Let us see how to find the number of unique substrings of a string by using the LCP array.

  • If we consider all the prefixes of all the suffixes, we would be considering the entire set of sub-strings.
  • The LCA array helps us determine how many prefixes to ignore for each suffix
  • We of course do not ignore any prefix of the first suffix. These are all valid and unique substrings.
Let s be given string
    indexes in s are 1-based
Let S be the suffix array
    S stores the list of 1-based indexes
    that represent the start position of the suffix of s
Let L be the LCP array
    L(i) is the longest common prefix between
    the suffixes starting from S(i) and S(i-1)
    Thus, L is only defined from 2 to |s|

uniq_sub_strings = |s| - S[1] + 1
// thus we count all prefixes of the first suffix

for i = 2 to N
    uniq_sub_strings += |s| - S[i] + 1 - L[i]

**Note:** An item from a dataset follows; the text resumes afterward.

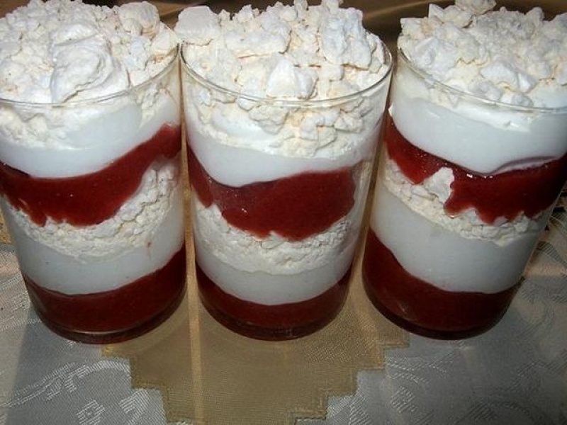 W szklance układać porcjami,najpierw truskawki potem śmietanę i pokruszone bezy

Let us try this with an example to see why this is correct.

s = abaabba
S = [
    7,    // a
    3,    // aabba
    1,    // abaabba
    4,    // abba
    6,    // ba
    2,    // baabba
    5     // bba
]
L = [
    0,    // not defined for L[1]
    1,    // a is the common prefix
    1,    // a
    2,    // ab
    0,    // nothing
    2,    // ba
    1     // b
]

uniq_sub_strings =
    1 + 4 + 6 + 2 + 2 + 4 + 2 = 21

Thus, there are 21 substrings (out of 28) that are unique. You can work this out by deducing that the sub-strings that are not unique (and hence weren't counted are)

{
    a,  // prefix of aabba
        // since a was counted as prefix of "a"
    a,  // prefix of abaabba
    a,  // prefix of abba
    ab, // prefix of abba
        // since ab was counted as prefix of "abaabba"
    b,  // prefix of baabba
        // since b was counted as prefix of "ba"
    ba, // prefix of baabba
        // since ba was counted as prefix of "ba"
    b   // prefix of bba
}

Now, you can find U(A) and U(B) by using the above algorithm. The only part that remains is to calculate U(A union B).

This can be done by considering a string

c = a + "$" + b

We can find all the unique substrings of c and reduce from the result, all the strings that contain the character '$'. We know that all the different strings that contain '$' are unique anyway, since '$' is not part of the alphabet.

There are (|a|+1) * (|b|+1) substrings of c that contain '$'.

Thus, we can find U(A union B), the number of unique substrings that exists in either A, or B.

We can find the number of unique sub-strings of either a, or b, but not both, in time O(F(|a|) + F(|b|) + F(|a+b|), where F(n) is the complexity of calculating the Suffix Array or the LCA Array (which ever is more). In the best implementation, F(n) = O(n). But the problem may be solved even with F(n) = O(n log n).

SETTER'S SOLUTION

Can be found here.

TESTER'S SOLUTION

Can be found here.

This question is marked "community wiki".

asked 25 Mar '13, 00:16

gamabunta's gravatar image

1★gamabunta
2.4k128183169
accept rate: 14%

edited 25 Mar '13, 00:16

1

This problem really showed our "level" :)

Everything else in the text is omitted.